- The Washington Times - Saturday, November 20, 2004

The needs of a disabled child oftentimes can overtake a family’s time, organization and attention. Such needs don’t have to, though, says Donald Meyer, founder of the Sibling Support Project of the Arc of the United States.

Mr. Meyer recently compiled recommendations from dozens of siblings in his nationwide network. Here are some of the top items that siblings wanted parents and teachers to know:

• Acknowledge siblings’ concerns.

For instance, if the typical sibling says she is embarrassed by something her brother did, acknowledge the brother’s behavior, even admit that it embarrasses you, too. Then look at the source of the embarrassment. Can the behavior be changed? Can the typical sibling compromise?

Either way, it is important to model a sense of humor, Mr. Meyer says.

“The silver lining is that embarrassment seems to resolve itself by the late teens,” he says.

• Give typical children many degrees of freedom.

“Siblings were put into this world to be more than the role model for their brother and sister,” Mr. Meyer says. “If their passion is soccer or the clarinet, parents need to celebrate that.”

Suzanne Davis, mother of two typically developing sons and one son with disabilities, says she has learned to compartmentalize what things they can do as a family and what they can’t.
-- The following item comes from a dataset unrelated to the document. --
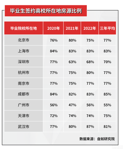 (2020年-2022年毕业生签约高校所在地房源比例,央广网房产频道制图)

“I don’t want my two other sons to not be able to do things,” says Mrs. Davis, of Chevy Chase. “They shouldn’t have to not play tennis because of Cooper. I don’t want them to be regretful or resent him. I have to prioritize the family so everyone is happy.”

• Find a way to carve time to spend with typical kids, Mr. Meyer says. Even small amounts of time can send the message “I care about you, too.”

“I know moms who pull their kids out of school for a drive, lunch or just to talk,” he says. “Whatever schooling she is missing is more than compensated.”

• Expect typical behavior from typically developing siblings. Teasing and arguing are typical sibling behaviors, even when one has special needs, Mr. Meyer says.

It is necessary for typical children to be able to let off steam. Typically developing siblings deserve a life where they can sometimes misbehave or get angry, he says.

• Get out and meet peers.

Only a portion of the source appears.